Attack of the Machines

Is your stockbroker a robot?

Every day, hundreds of reporters from CNBC, Bloomberg, Dow Jones, and other outlets concoct a story about the stock market. From the chaos of the New York Stock Exchange, they discern rational human behavior to explain why the S&P 500 rose precisely 11.46 points today.

Tech stocks up? Why, it’s because Intel’s CEO made positive comments. Oil stocks down? A respected analyst issued a bearish forecast. When stocks fall across the board, it is frequently attributed to investors “taking profits.” (Strangely, in the zero-sum game of investing, stocks never seem to rise due to investors “taking losses.”)

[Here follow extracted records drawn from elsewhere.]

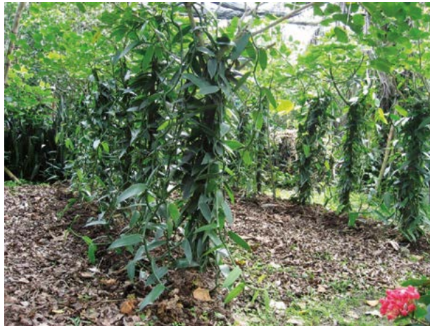
Figura 3. Cultivo de vainilla en Puntilla Aldama, San Rafael, Veracruz, México.

En contraste con el M3, en el M4 se agrupan productores con mayor conocimiento en las labores de manejo de la vainilla, como en la identificación de tutores apropiados que facilite el encauzamiento de guías, el número de flores a polinizar de acuerdo al número de macetas y vigorosidad de la planta (Figura 3). Además, tienen mayor conocimiento en el control de hongos, plagas y otros agentes causantes de enfermedades. Manejan con precisión el proceso de beneficiado y almacenamiento del fruto. Por las mismas circunstancias han conservado la orquídea al menos dos generaciones continuas.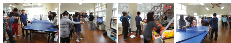
圖8 圖9 圖10 圖11 圖12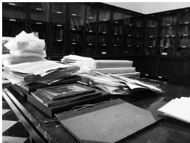
Documentação localizada na 5ª Divisão de Levantamento do Serviço Geográfico do Exército.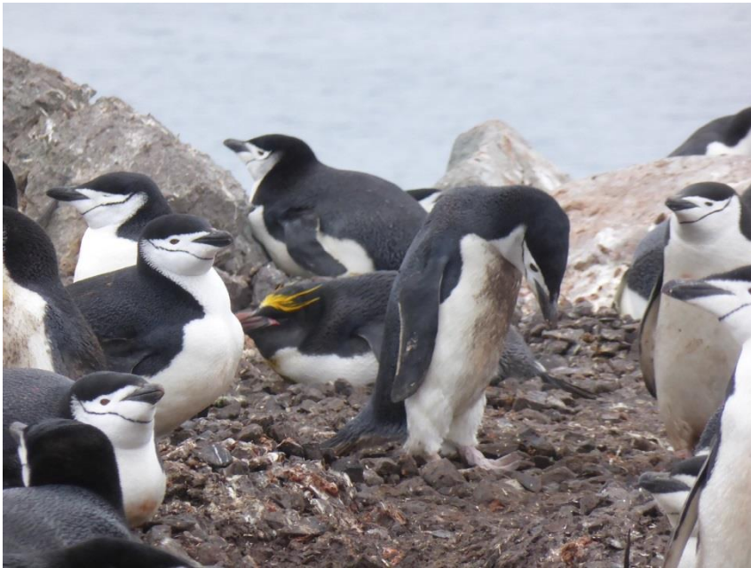
ヒゲペンギンの群れの中に1匹だけマコロニペンギンが混じっている。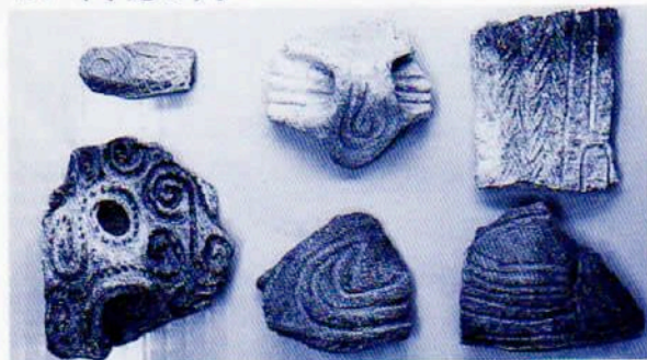
塚奥山遺跡 出土土器

また、試掘調査によって、3層より下に縄文時代の包含層が確認されています。特に、遺跡の西南部では、比較的浅い位置から縄文時代後期後葉の土器がまとまって出土しています。今後、この付近を中心に後期後葉の包含層の広がりを確認していく予定です。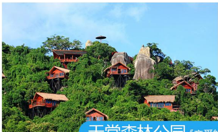
天堂森林公园 《亲爱的，热爱的》《非诚勿扰》拍摄地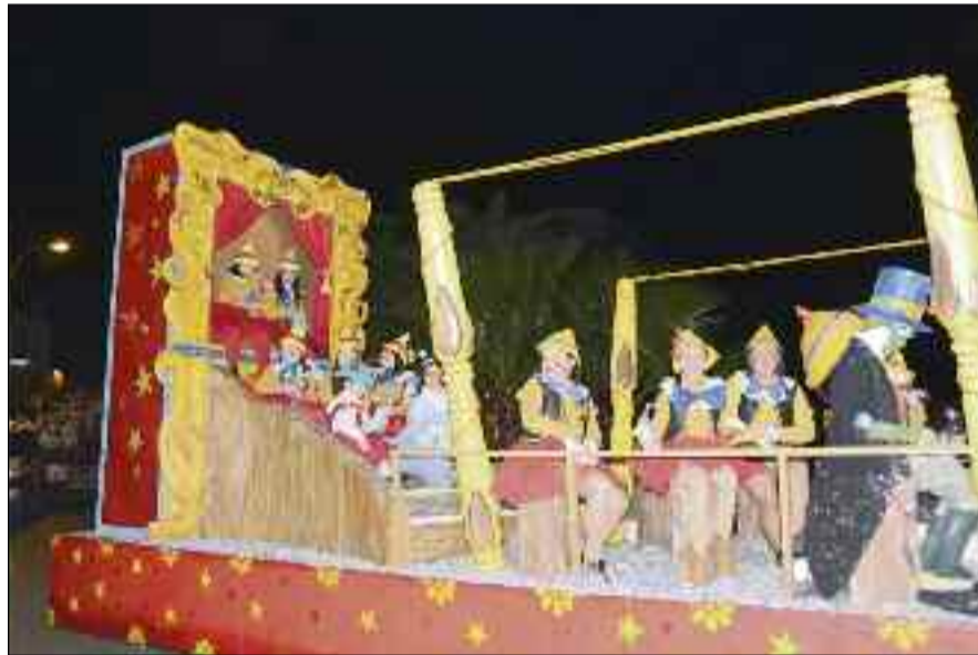
■ Hubo siete cabalgatas infantiles; esta dedicada a Pinocho.

But last year, for the first time in the NYSE’s long history, a majority of the market moves may have been dictated by machines, not by human agents. “Program trading” has been around since the 1970s. It’s defined simply as “the simultaneous trading of a portfolio of stocks, as opposed to buying or selling just one stock at a time,” and defined technically by the NYSE as when somebody buys at least 15 stocks at the same time worth a total of more than $1 million. In casual parlance, program trading is when computer algorithms automatically trigger trades in response to market signals, such as price changes in a given stock.

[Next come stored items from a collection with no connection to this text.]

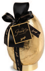
Oeuf en or Grand Cru Sélection de truffes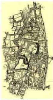
大胡城周辺地形図(平成13年)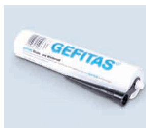
Dicht- und Klebstoff • präzise

Der Klebstoff in der Kartusche gewährleistet eine einfache und genaue Dosierung beim Anschluss der Abdichtung an die Mauerwerkssperre sowie beim Verbinden der Kopfstöße der Bahnen.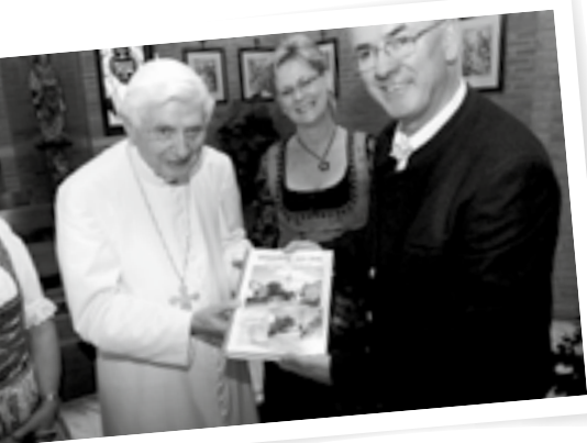
Auch der emeritierte Papst Benedikt XVI. hat das neue Würdinger Heimatbuch bereits in seiner Bibliothek im Vatikan.

Anlässlich der 1200-Jahr-Feier von Würding ist jetzt ein Heimatbuch unter dem Titel „Würding – Ein Dorf im Wandel der Zeit“ erschienen. Dieses Buch umfasst auf über 250 Seiten die Würdinger Geschichte des Pfarrortes und gibt einen Einblick in das Vereinsleben im Ort. „Das Buch ist ein gestalterisches Kunstwerk von historischem und ideellem Wert, der nicht hoch genug geschätzt werden kann“, lobt Bürgermeister Alois Brundobler.

According to the New York Stock Exchange, program trading for all of 2004 was a record 50.6 percent of volume, up sharply from 37.5 percent in 2003. (The most recent detailed weekly statistics can be found here, while weekly statistics for the last several years can be seen here.) In most weeks in 2000, for example, program trading accounted for only about 20 percent of volume.

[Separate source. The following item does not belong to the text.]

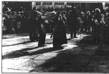
W Sopocie brakowało miejsca przed Muszlą koncertową. Tymu zadowolili się przedstawieniem "na chodniku".

Poza częścią oficjalną, tą rozgrywaną na scenie, istniała oczywiście i ta druga strona medalu... O uciążliwym i problemowym poruszaniu się po Trójmieście i jego okolicach już pisałam. Wspomnieć należy również o kilkakrotnym zmienianiu kostiumów w błyskawicznym tempie, w łańcuchach, w parkach, w autobusach). Bardzo miłym momentem, który zwróciła uwagę wśród młodszej grupy wywołał wiele emocji, było spotkanie "Powiśla" z sopockim Batmanem. Dziwny wehikuł bohatera filmów i komiksów, jak i on sam, do tego stopnia zainteresował dzieci, że nieruszający występ w Sopockiej Muszli Kon-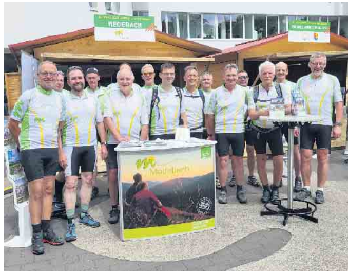
Die Hanseradler werden am Stand der Touristik begrüßt.

Does this mean that half the activity on the markets today was generated by soulless machines? Not necessarily. A good chunk of program trading is initiated by humans. Big securities firms conduct program trades on behalf of clients—think of the efficiencies you gain when you buy cases of beer instead of single bottles. If a big investor wants greater exposure to the pharmaceutical sector, or a pension fund manager wants to put a big chunk of cash to work in the S&P 500, it will execute program trades through Goldman Sachs, scooping up lots of different stocks in huge quantities, all at once.

But a pretty big portion—it’s hard to say how much—of program trading seems to be on autopilot. In today’s markets, the purchase of one security can automatically trigger the sale of another group. When Wall Street firms sell the increasingly popular Exchange Traded Funds—single securities that represent batches of underlying stocks—to investors, they often automatically buy the shares underlying the index through program trades.

And frequently the trades are initiated at computers’ suggestions to exploit meager price differentials between securities. In the first trading week of January about 10 percent of the NYSE’s program volume was related to index arbitrage—when buyers simultaneously buy, say, a futures contract on a stock index while selling the stocks that comprise the index to profit from minuscule price differences.

Then there are the trading geeks, guys with black boxes in Lower Manhattan and Greenwich, Conn., who have written ultra-secret algorithms that dictate the purchase or sale of stocks whenever prices hit certain tripwires. In the past few years, quantitatively driven hedge funds have proliferated. And every day, the code on which they rely can trigger a buy and a sell on the same groups of stocks—sometimes several times a day. Thanks to program trading, a relatively small quantitative firm with only several hundred million dollars in capital can nonetheless account for a big chunk of the NYSE’s daily volume on a given day.

It all sounds like a recipe for disaster. In theory, sell programs could trigger other sell programs, and cataclysm could ensue. (Program trading was partly blamed for the 1987 stock crash.) But as program trading has risen, the market counterintuitively seems to have grown less volatile. The exchanges have built in mechanisms to stop program trading from moving the market once certain limits are breached. And there’s also a degree to which program trades are self-regulating. Every day, there are hundreds of different computer-driven strategies at work, and they frequently work at cross purposes. If IBM breaks through 100, it might simultaneously trigger a sell program at one hedge fund and a buy program at another.

The rise of the machines may undermine the journalists’ narratives of the market. But at another level it’s somewhat comforting. Program trading creates a highly unpredictable, occasionally unnerving universe in which sudden reversals can crop up out of nowhere, only to be followed by sudden outbursts of optimism. In other words, a market dominated by computerized program trades is a lot like real human life.